研究所紹介  

   

活動  

   

情報発信  

   

あいんしゅたいんページ  

   

アレクサンダー大王とロジスティックス

詳細

今回は古代ギリシャの軍事天才であったアレクサンダー大王のペルシャ征服の際のロジスティックスの話をする。ロジスティックスとは軍事用語では兵站という。昔の日本軍なら輜重という難しい字を書く。現代のビジネスシーンでは物流管理のことである。軍事におけるロジスティックスとは食料や兵器の調達、輸送など、軍の維持に必要なさまざまな仕事である。

太平洋戦争で日本軍がロジスティックスを軽視したことが敗北の大きな要因である。一番典型的な例としてはビルマからインドに侵攻したインパール作戦がある。

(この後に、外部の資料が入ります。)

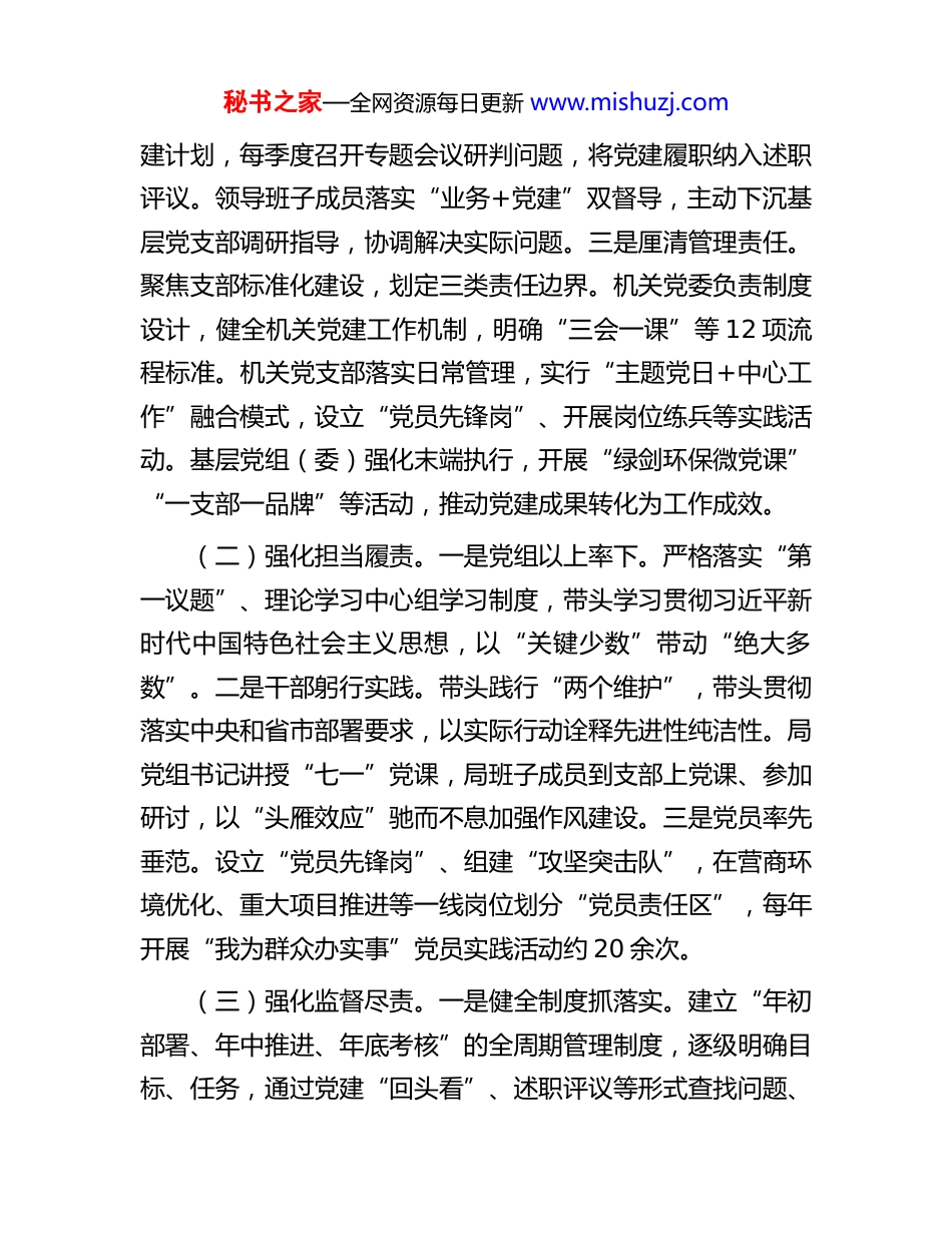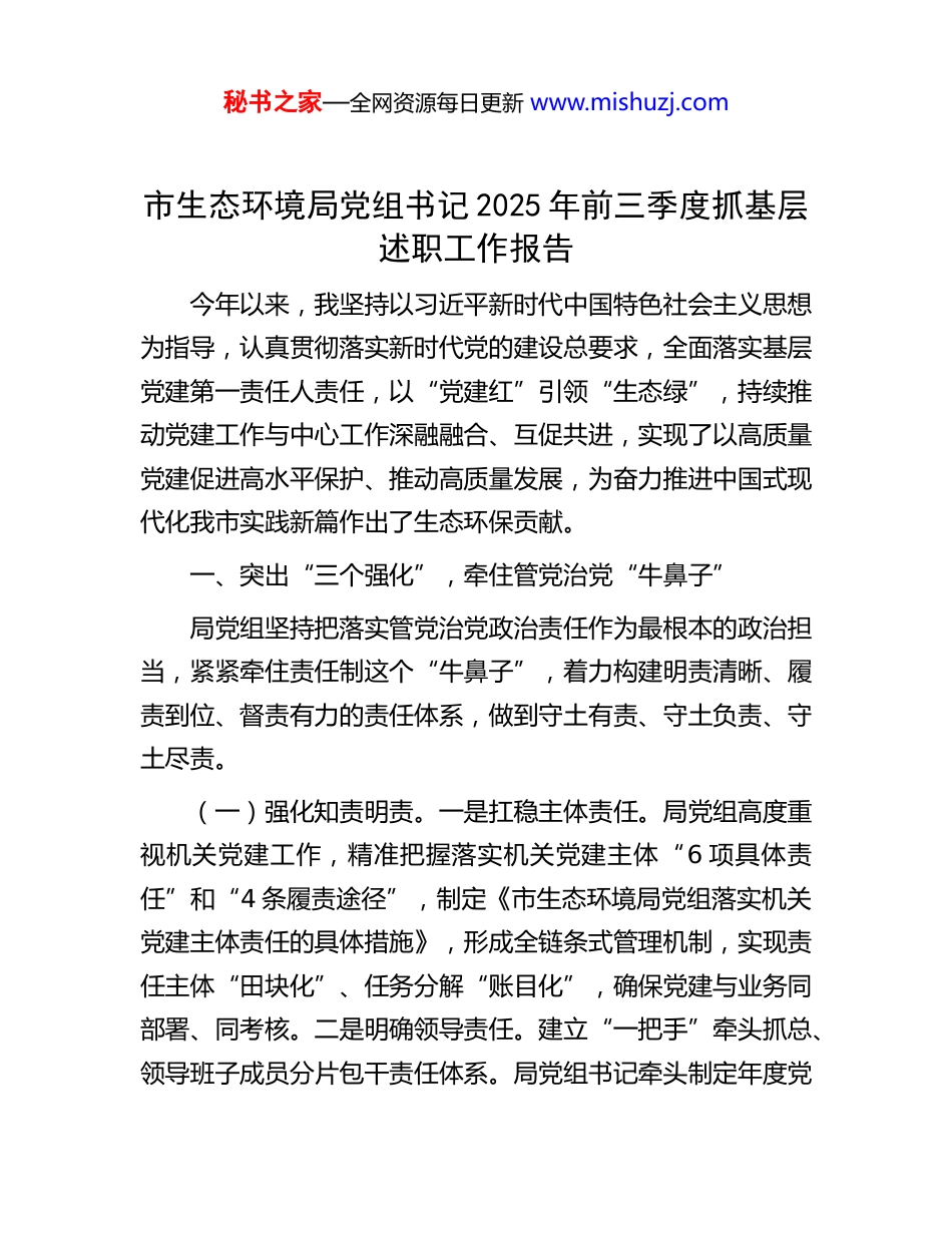 秘书之家—全网资源每日更新 www.mishuzj.com市生态环境局党组书记 2025 年前三季度抓基层述职工作报告今年以来,我坚持以习近平新时代中国特色社会主义思想为指导,认真贯彻落实新时代党的建设总要求,全面落实基层党建第一责任人责任,以“党建红”引领“生态绿”,持续推动党建工作与中心工作深融融合、互促共进,实现了以高质量党建促进高水平保护、推动高质量发展,为奋力推进中国式现代化我市实践新篇作出了生态环保贡献。一、突出“三个强化”,牵住管党治党“牛鼻子”局党组坚持把落实管党治党政治责任作为最根本的政治担当,紧紧牵住责任制这个“牛鼻子”,着力构建明责清晰、履责到位、督责有力的责任体系,做到守土有责、守土负责、守土尽责。(一)强化知责明责。一是扛稳主体责任。局党组高度重视机关党建工作,精准把握落实机关党建主体“6 项具体责任”和“4 条履责途径”,制定《市生态环境局党组落实机关党建主体责任的具体措施》,形成全链条式管理机制,实现责任主体“田块化”、任务分解“账目化”,确保党建与业务同部署、同考核。二是明确领导责任。建立“一把手”牵头抓总、领导班子成员分片包干责任体系。局党组书记牵头制定年度党秘书之家—全网资源每日更新 www.mishuzj.com建计划,每季度召开专题会议研判问题,将党建履职纳入述职评议。领导班子成员落实“业务+党建”双督导,主动下沉基层党支部调研指导,协调解决实际问题。三是厘清管理责任。聚焦支部标准化建设,划定三类责任边界。机关党委负责制度设计,健全机关党建工作机制,明确“三会一课”等 12 项流程标准。机关党支部落实日常管理,实行“主题党日+中心工作”融合模式,设立“党员先锋岗”、开展岗位练兵等实践活动。基层党组(委)强化末端执行,开展“绿剑环保微党课”“一支部一品牌”等活动,推动党建成果转化为工作成效。(二)强化担当履责。一是党组以上率下。严格落实“第一议题”、理论学习中心组学习制度,带头学习贯彻习近平新时代中国特色社会主义思想,以“关键少数”带动“绝大多数”。二是干部躬行实践。带头践行“两个维护”,带头贯彻落实中央和省市部署要求,以实际行动诠释先进性纯洁性。局党组书记讲授“七一”党课,局班子成员到支部上党课、参加研讨,以“头雁效应”驰而不息加强作风建设。三是党员率先垂范。设立“党员先锋岗”、组建“攻坚突击队”,在营商环境优化、重大项目推进等一线岗位划分“党员责任区”,每年开展“我为群众办实事”党员实践活动约 20 余次。(三)强化监督尽责。一是健全制度抓落实。建立“年初部署、年中推进、年底考核”的全周期管理制度,逐级明确目标、任务,通过党建“回头看”、述职评议等形式查找问题、秘书之家—全网资源每日更新 www.mishuzj.com补齐短板,实现全年全过程压实责任。二是常态督导抓落实。党组成员定期到分管部门检查党建情况,机关党委落实“月提示、季督查、年考评”机制,推动责任延伸落实。党支部之间开展交叉检查,学习借鉴、查找差距,形成比学赶超的良好氛围。三是科学考核抓落实。制定差异化考核指标,避免“一刀切”。将党建考核结果与领导班子评价、干部选拔任用、评优评先、绩效奖励“四挂钩”,形成鲜明的导向和激励约束机制,督促各级党组织精心履职、尽心尽责。二、坚持“三个抓强”,激活基层党建“动力源”局党组牢固树立“大抓基层”鲜明导向,以强化政治功能为重点,以“四强”党支部创建为抓手,持续推进“堡垒升级”工程。(一)抓强机关促干。一是以政治机关建设为根本。始终把党的政治建设摆在首位,旗帜鲜明讲政治。用好“先锋讲坛”“今天我来讲生态大讲堂”等学习平台,依托“三会一课”、主题党日等载体,邀请专家学者围绕学习宣传党的二十大和二十届二中、三中全会精神等举办专题讲座,每年组织450 余名党员开展党性培训,持续提升政治站位,教育引导全体党员坚定捍卫“两个确立”、坚决做到“两个维护”。二是以模范机关建设为目标。锚定“三个表率”政治定位,聚焦“政治过硬、担当作为、服务高效”核心标准,创新“理论+秘书之家—全网资源每日更新 www.mishuzj.com...

これなど指揮をした牟田口中将がロジスティックスを軽視したために、多くの兵士が戦死ではなく餓死した。食料を持って行かずに現地調達を計画して、それがうまくいかなかったからだ。

なぜ私がアレクサンダー大王に興味を持っているか。実は私は結構、軍事オタクつまりミリタリーオタク、ミリオタなのである。また歴史オタクでもある。それで軍事天才に興味がある。世界史に現れた軍事天才としては、古代ペルシャ帝国を滅ぼしたアレクサンダー大王が筆頭であろう。アレクサンダー大王以外には、ローマと戦ったカルタゴの将軍ハンニバル、ジンギス・カーン、ナポレオンなどがいる。しかしハンニバルもナポレオンも最終的には敗北した。その点、アレクサンダー大王は一度も負けていない。ロジスティックスを全く新しく改善して、巨大なペルシャ帝国を征服して、インドまで行ったのである。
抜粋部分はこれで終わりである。